MS. BUTTERFIELD: Not exactly. We have made a commitment to the customer to save it a certain amount each month on its utility bill. If we are also making this optimization decision about how to get more grid revenue, which the customer partakes in, or how to get more demand-charge savings, which the customer partakes in, or how to get more out of the demand-response program, which the customer partakes in, the customer should be fine with use of the battery in that manner.

MR. JUNG: Can I offer a contrasting picture? On the one hand, you have a kind of SolarCity no-money-down type of model. There are a lot of interesting aspects to that model, especially in so-called behind the meter-type applications where, for the most part, I think the use case has largely started with demand-charge management.

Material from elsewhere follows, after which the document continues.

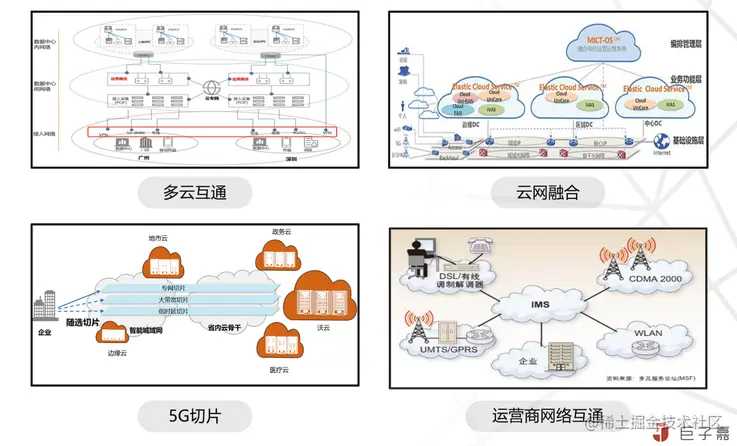 这里说一下运营商网络,中心云计算技术,是将数据中心内部网络全部虚拟化,即云内网络,衍生出 VPC,负载均衡等诸多产品;数据中心外部几乎完全屏蔽运营商网络,只提供弹性公网 IP 及互联网出口带宽服务,中心云计算与运营商网络没有融合;但从中心云计算演进到边缘计算,是强依赖网络将中心云与边缘链接起来,如果中心云是大脑,边缘计算是智能触角,那么网络就是神经,就是动脉血管,但实际上整体网络规划与建设发生在云计算发展之前,并不是专门服务云计算的,所以中心云计算与运营商网需要融合,即云网融合,云网融合最终目标是实现云能力的网络化调度编排,网络能力的云化快速定义。希望借助新型业务需求和云技术创新,驱动运营商网络架构深刻变革升级开放。

On the utility side or the grid-scale side, which is where we have dwelled, it was very simple. Big companies like NextEra or Duke or E.On or AEP want to put the storage system into rate base. If the customer is an independent power producer, then it wants to own and operate the assets like any other technology.

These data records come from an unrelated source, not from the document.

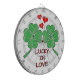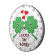 Glück in der Liebe. Zeichnungen von vierblättrigen Kleeblatten mit über ihnen schwebenden Herzformen.
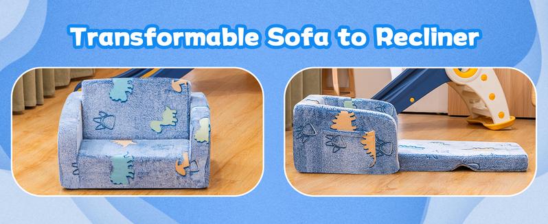 Adjustable Folding Feature: Easily adjust the backrest of the sofa to transform it into a lounger, giving kids more options for comfort—whether they are sitting, reading, or lying down to relax.
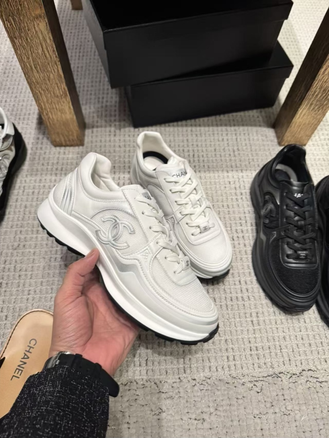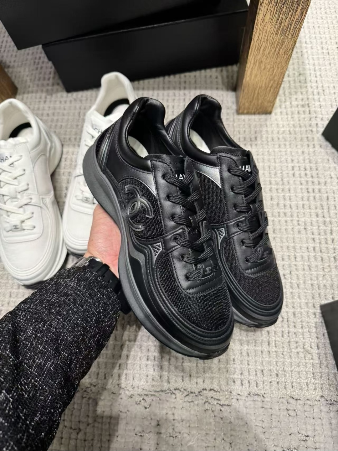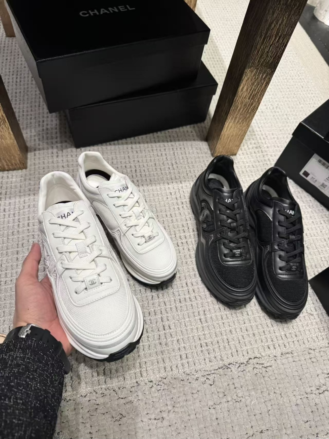 這款鞋子是AAAAA 1:1 質量(非常棒). 使用了和原版一模一樣的材料. 商標部分也保持了和香奈兒/Chanel一樣. 圖片拍攝是實物鞋子拍攝, 您所收到的實物保證和我們圖片一模一樣.

The difference — and I want to amplify the software aspect — is that while these utility-scale customers are buying a piece of equipment, the thing that is new to these very large power companies is they are now also getting a software license.

In some ways, the utility-scale model is a lot simpler because we do not have to own and operate. The big power companies can use their own balance sheets. When you can tell someone that the return on investment is not just the denominator in terms of waiting for prices to come down, but also the more value streams you are able to capture. It leads to a better outcome.

This software thing is pretty important. We are already on our sixth generation of software.

When you talk about the multiple things that energy storage can do, you need software in order to be able to do them.

MR. MARTIN: This is as much a software business as a hardware business. Raphael Declercq, you were about to say something.

MR. DECLERCQ: Both the commercial efforts and the software development are expensive. This is something that an investor should look into because making these business models sustainable in the long term is not an easy thing.

MR. MARTIN: Part of your selling point is that you are offering software to manage the battery.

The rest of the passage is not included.